In Taiwan, every time I thought of my hometown, I would certainly think of the nameless small hill and the old banyan. I would then think of my kite that seemed still on top of the tree. Thus I had a sense of pain of missing that was tricky to describe and hard to dispel. It seemed as if my wandering heart was also hanging on top of the tree on the remote bank across Taiwan Straits.
Taiwan has many mountains. I had visited all the mountains from the Datun Mountain in the north, the Ali Mountain in the middle to the Gu Mountain and the Qi Mountain in the south. These famous mountains overseas do have their own unique features, but I still find myself attracted only to that nameless little hill in my hometown. As time goes on and I grow older, I feel increasingly strong yearning toward my hometown.
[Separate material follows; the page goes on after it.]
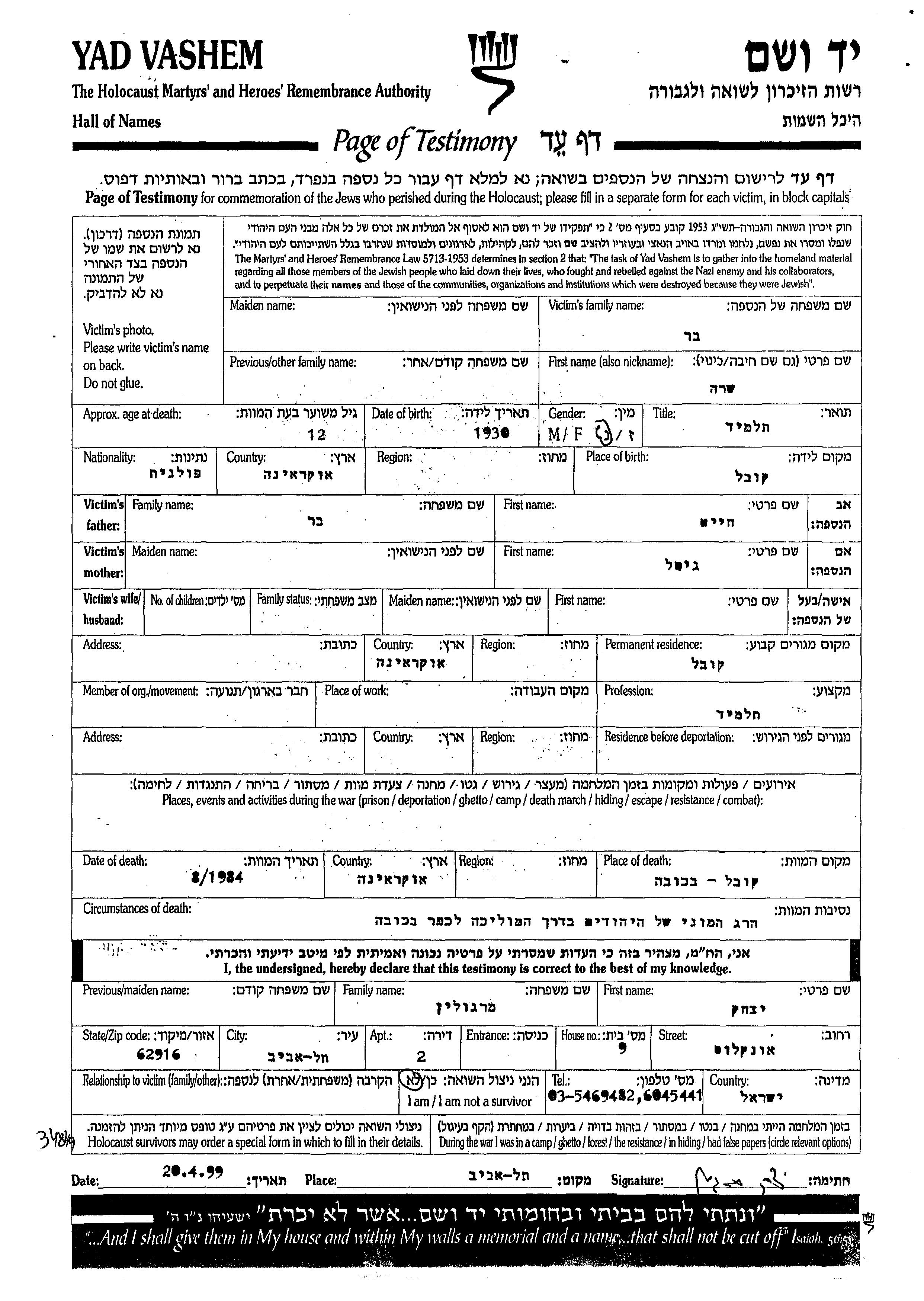 יד ושם - המפעל להנצחת השמות בדפי עד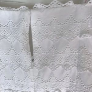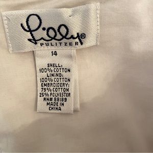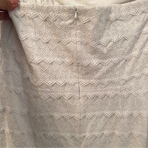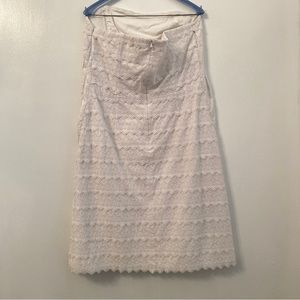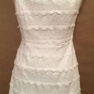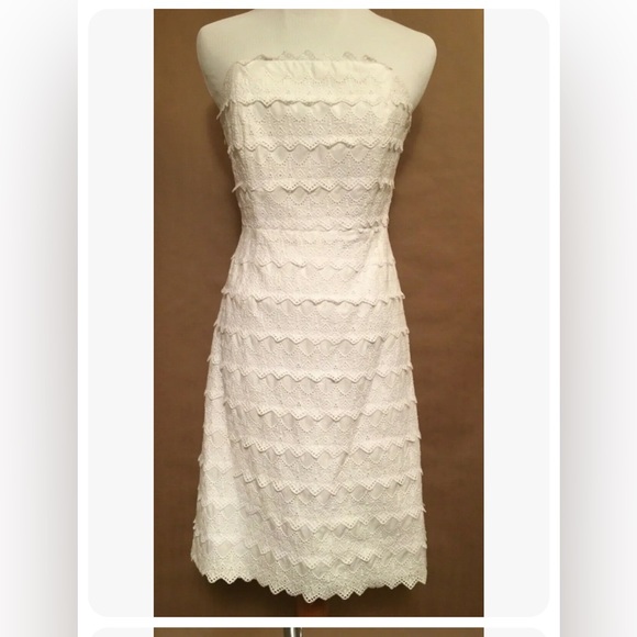 Lilly Pulitzer, this delightful strapless white embroidered lace dress is fitted and fun. Perfect for formal and casual events, both. It has stays and edging at the top to keep it in place. The dress closes in the back with a zipper, hook and eye.

Perhaps it was in the spring of 1953. One weekend, my wife and I took a walk over a small hill near the reservoir in Taibei.
It was a lovely day. The sunlight dripped through the dense green forest like warm drops. We walked along the path with short grass to the top of the hill. Then we had a rest under the flame tree covered with red blossom. While my wife was seating, feasting on the beautiful landscape below the hill, I lay on the grass with my head pillowing on my arms and a leaf of fig tree between my lips. The fragrance of early ripened rice wafted by a breeze made me drunk, and I started to know the crops on Taibei Plains was ready for harvesting.
I suddenly felt as if I had again returned my hometown across the straits and were lying on that nameless small hill under that old banyan.
I spontaneously cast up my eyes to the top of the fig: the red phoenix flowers were waving softly in the breeze. But where was my kite? The colorful butterfly kite on the treetop, where was it?
I turned over and sat up, sighing involuntarily.
My wife had never been to the mainland, not to speak of my hometown, but she knew my thoughts about that nameless little hill, about that ancient banyan and about my lost kite which she had heard me say more than once all these years.
“I know why you release a sigh...” she said looking at me.
On the way down the hill, we both said nothing. Only the chirp of insects from the two sides of the path edged with grass could be heard near and far.
My wife suddenly stopped looking back to the flame tree on the top of the hill and said “I think I can understand…” as mush to me as to herself.